Such is life for the man behind a character who, over three seasons on “Game of Thrones,” returning Sunday on HBO, has become the emblem of a disquieting show’s darkest impulses. Since arriving as a one-note sadist in Season 3, this striving, legitimized former bastard has expanded to both embody the story’s dynastic obsession and inflict some of its most flagrant abuses. That list includes the flaying and gelding of rivals, the recreational hunting of a girl and, most controversial, last season’s wedding-night rape of his hostage bride, Sansa Stark (Sophie Turner).

That he does it all with schoolboy glee makes him that much more viscerally loathsome — Mr. Rheon conceived Ramsay as a mash-up of Heath Ledger’s unhinged Joker and Dennis the Menace, he said, and added a bit of the swagger of Liam Gallagher, the dyspeptic former Oasis singer. The resulting confection has landed on many “most-hated” lists online. In December, readers of The Atlantic voted Ramsay “the actual worst character on television” over the likes of Hannibal Lecter and Walter White, as well as Joffrey Baratheon, the sneering boy-king Ramsay replaced as the signature “Game of Thrones” villain.

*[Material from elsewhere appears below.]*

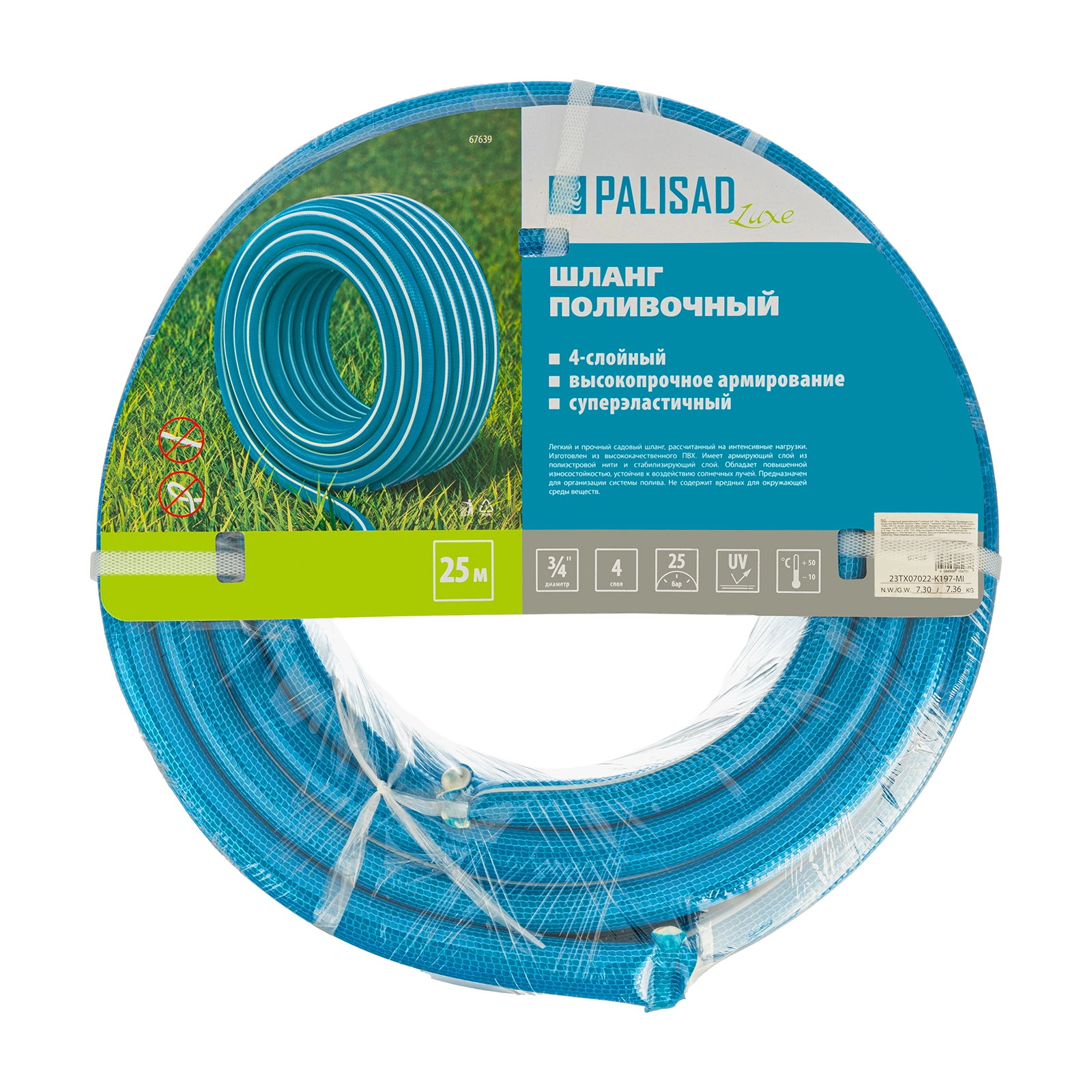 ПроизводителиШланг поливочный армированный 4 слойный 3/4", 25м, LUXE (67639) PALISAD

“After we lost Joffrey, we had a psychopath-shaped hole in the ‘Thrones’ world,” Ms. Turner wrote in an email. “But Iwan brings a terror and a creepiness that Joffrey never had. We needed someone to hate, and we love to hate him.”

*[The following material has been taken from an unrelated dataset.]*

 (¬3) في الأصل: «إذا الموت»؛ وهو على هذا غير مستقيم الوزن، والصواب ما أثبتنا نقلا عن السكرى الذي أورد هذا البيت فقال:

In the new season, the show’s sixth, Ramsay deepens further, Mr. Rheon suggested, even approaching something like human emotion in mourning a girlfriend killed in the Season 5 finale. “That surprised even me,” he said. Of course, it also finds him seething over last season’s escape of his captives Sansa and Theon (Alfie Allen) — the young nobleman he castrated, forced into servitude and renamed Reek — and sets up who may be his most appalling victim yet: an as-yet-unborn half-sibling who could be a competing heir.

[ “Game of Thrones” has moved past its blueprint. That’s a good thing. ]

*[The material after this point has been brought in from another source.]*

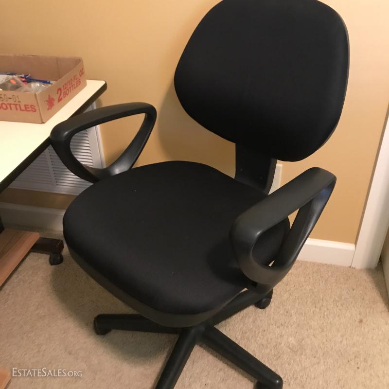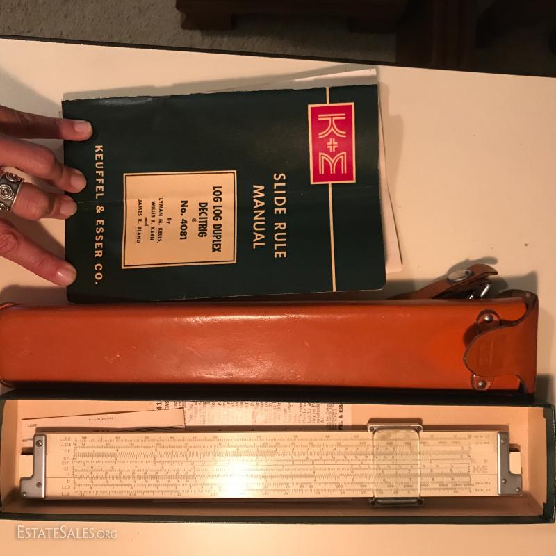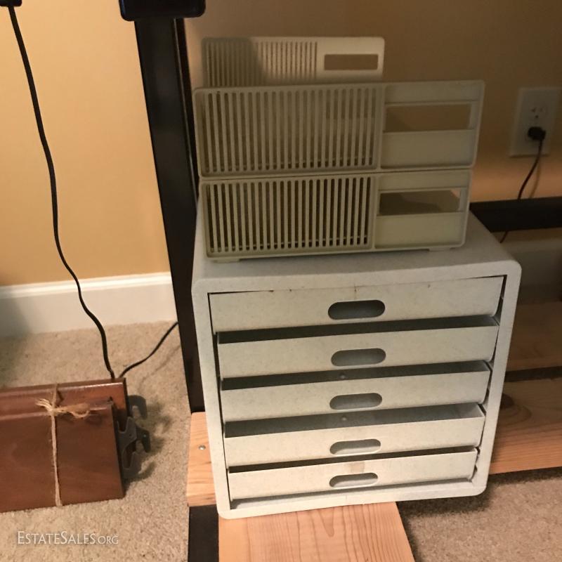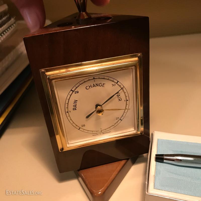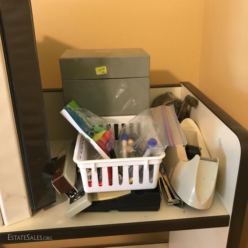 Movable, portable desk, black swivel chair, mountable lamp, slide ruler and other rulers, far side books, cross pen, tabletop barometer, binders, paper, pencil Sharpener, and misc office supplies.

The show’s creators, David Benioff and D. B. Weiss, so obsessed with secrecy this season they’ve declined to offer critics advance screener copies, will say only that Ramsay will be up to “very bad things.”

“Sometimes you just think, ‘Oh God, can’t we just do something nice?’” Mr. Rheon said, laughing. “On this show, the heroes aren’t necessarily standard heroes, so I guess your villains need to be even worse.”

Mr. Rheon, 30, wears the most-hated mantle easily. By all accounts a charming young Welshman — his name is pronounced OO-wan re-OHN, and he grew up in Cardiff and now lives in London — he is amused by the notoriety and claims it is “an honor” to be considered the most despicable thing on a show full of despicable things. “Apparently I’m scarier than a White Walker. And a giant. And a dragon,” he said.

In general, fans don’t hold Ramsay’s actions against him, and the technical realities of production keep the vile deeds from weighing too heavily on his soul. Flayings, for example, involve a piece of rubber and a prop knife he has to hold just so for the light to catch its malevolent angles, making it hard to obsess over the moral dimensions.

One exception was Sansa’s rape last season, which “was very difficult to me; I couldn’t really sleep the night before,” he said. Like others on the show, however, he remains somewhat perplexed by the outrage it sparked, less by the anger itself than by the scale and selective nature of it. A few episodes later, he noted, the immolation of a little girl drew a comparatively muted response. “I don’t want to compare these things and which is worse,” he said. “But burning a child at the stake? That’s pretty bad, isn’t it?”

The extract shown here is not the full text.